### Data to use
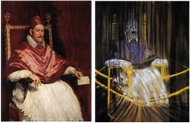A la izquierda, el cuadro de Diego Velázquez «Inocencio X», 1650; óleo sobre lienzo, 140 cm x 120 cm, Galería Doria Pamphili, Roma.  A la derecha, el cuadro de Francis Bacon, «Estudio según el retrato del Papa Inocencio X por Velázquez», 1953; óleo sobre lienzo, 153 cm x 118 cm, Art Center, Des Moines (EE.UU.).
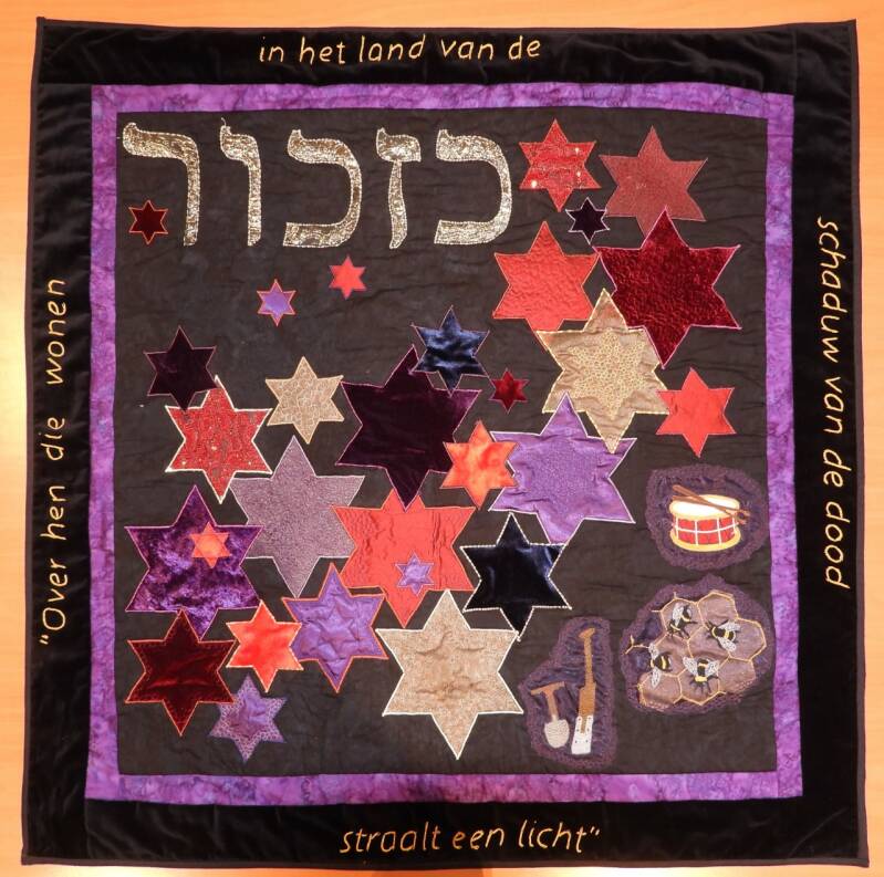 Onze quilt die we gebruiken bij onthullingen van de struikelstenen is, in 2019, voor ons gemaakt door Esther Smit - Denneboom. Zij heeft hem de titel Jizkor Gimel gegeven. De betekenis hiervan en de betekenis van de symbolen legt ze hieronder in eigen woorden uit:
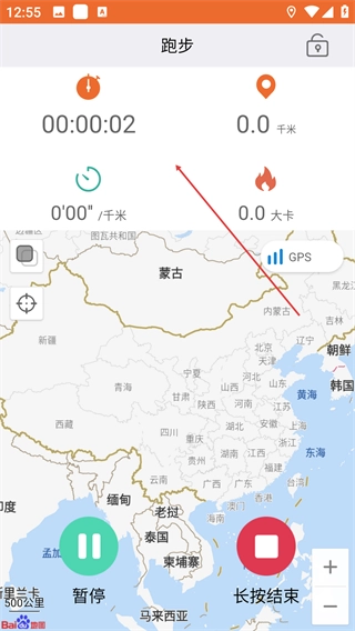 3、跑步开始后,页面会显示【00:00:02】的运动时长、【0.0-千米】的运动距离等数据,借助【GPS】定位功能,还可以点击【暂停】按钮来临时中断当前的跑步运动。
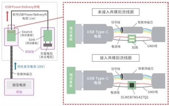 由于電源線和GND線的噪聲電平較高而導致電纜出現噪聲輻射,因此在DC-DC轉換器輸出部分的USB接頭前面接入共模扼流線圈被認為是有效的。
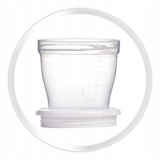 W komplecie z laktatorami elektrycznymi EasyStart oraz manualnym EasyStart znajduje się adaptor, który pasuje do pojemników, dzięki niemu istnieje możliwość odciągania pokarmu bezpośrednio do pojemników.
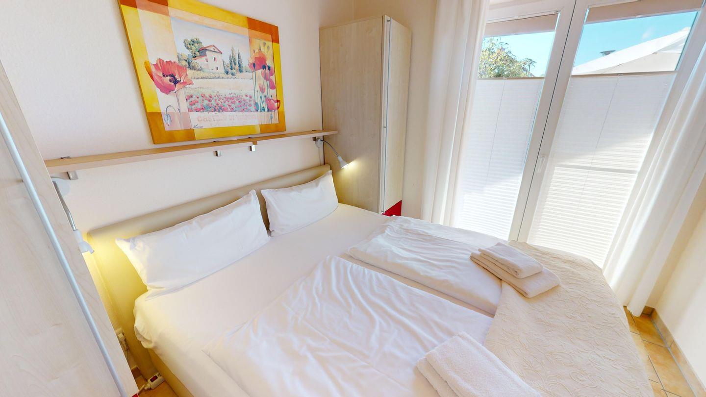 Besonders viel Freude macht der umzäunte Garten mit dem fest installierten Grill und der möblierten Terrasse. Im Gartenhaus ist Platz für mitgebrachte Fahrräder.
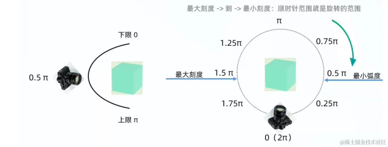 你能够水平旋转的角度下限。如果设置,其有效值范围为[-2 * Math.PI,2 * Math.PI],且旋转角度的上限和下限差值小于2 * Math.PI。默认值为无穷大。
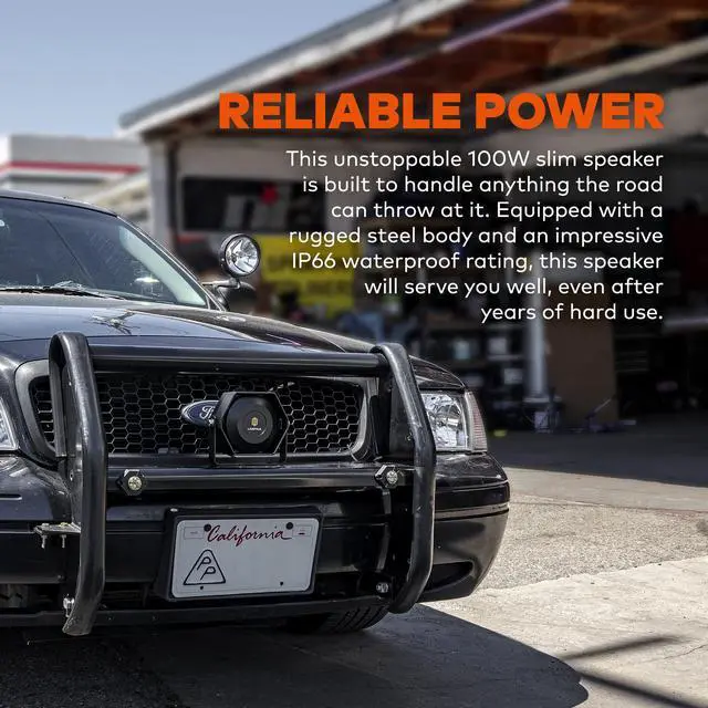 ADAPTABLE - Power where you need it. At only 2" deep and 6" wide, this compact speaker is the perfect choice for vehicles of all sizes, including trucks, SUVs, sedans, compacts, motorcycles, ATVs, and UTVs.
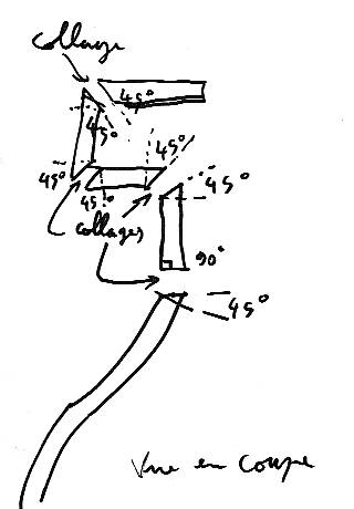 - sur le patron original (qui est prévu pour fabriquer l'objet en papier fort), il y avait des traits (sans doute en pointillé), correspondant à des pliures à faire sur le papier. on ne peut pas plier la mousse : à la place il faut couper le patron original au niveau de ces traits pour faire plusieurs morceaux de patron (et donc plusieurs morceaux de tapis mousse). au niveau des bords de ce trait de pliure, la mousse doit être bisauté avec un angle fonction de l'amplitude de pliure. l'évasement de ton vase forme un succession de pliage (à vue de nez) de -45°,-90, +90°,+90°, ce qui veux dire des bords bisautés pour chacune des ligne de pliage à -45°et90, puis -45°-45°puis +45°+45° puis +45°+45°comme sur le schéma :

### Task requirements
From the first line through the line with "由于電源線和GND線的噪聲電", output those lines of the entries above exactly, and nothing else, with the pictures left out.

### Reply
A la izquierda, el cuadro de Diego Velázquez «Inocencio X», 1650; óleo sobre lienzo, 140 cm x 120 cm, Galería Doria Pamphili, Roma.  A la derecha, el cuadro de Francis Bacon, «Estudio según el retrato del Papa Inocencio X por Velázquez», 1953; óleo sobre lienzo, 153 cm x 118 cm, Art Center, Des Moines (EE.UU.).
 Onze quilt die we gebruiken bij onthullingen van de struikelstenen is, in 2019, voor ons gemaakt door Esther Smit - Denneboom. Zij heeft hem de titel Jizkor Gimel gegeven. De betekenis hiervan en de betekenis van de symbolen legt ze hieronder in eigen woorden uit:
 3、跑步开始后,页面会显示【00:00:02】的运动时长、【0.0-千米】的运动距离等数据,借助【GPS】定位功能,还可以点击【暂停】按钮来临时中断当前的跑步运动。
 由于電源線和GND線的噪聲電平較高而導致電纜出現噪聲輻射,因此在DC-DC轉換器輸出部分的USB接頭前面接入共模扼流線圈被認為是有效的。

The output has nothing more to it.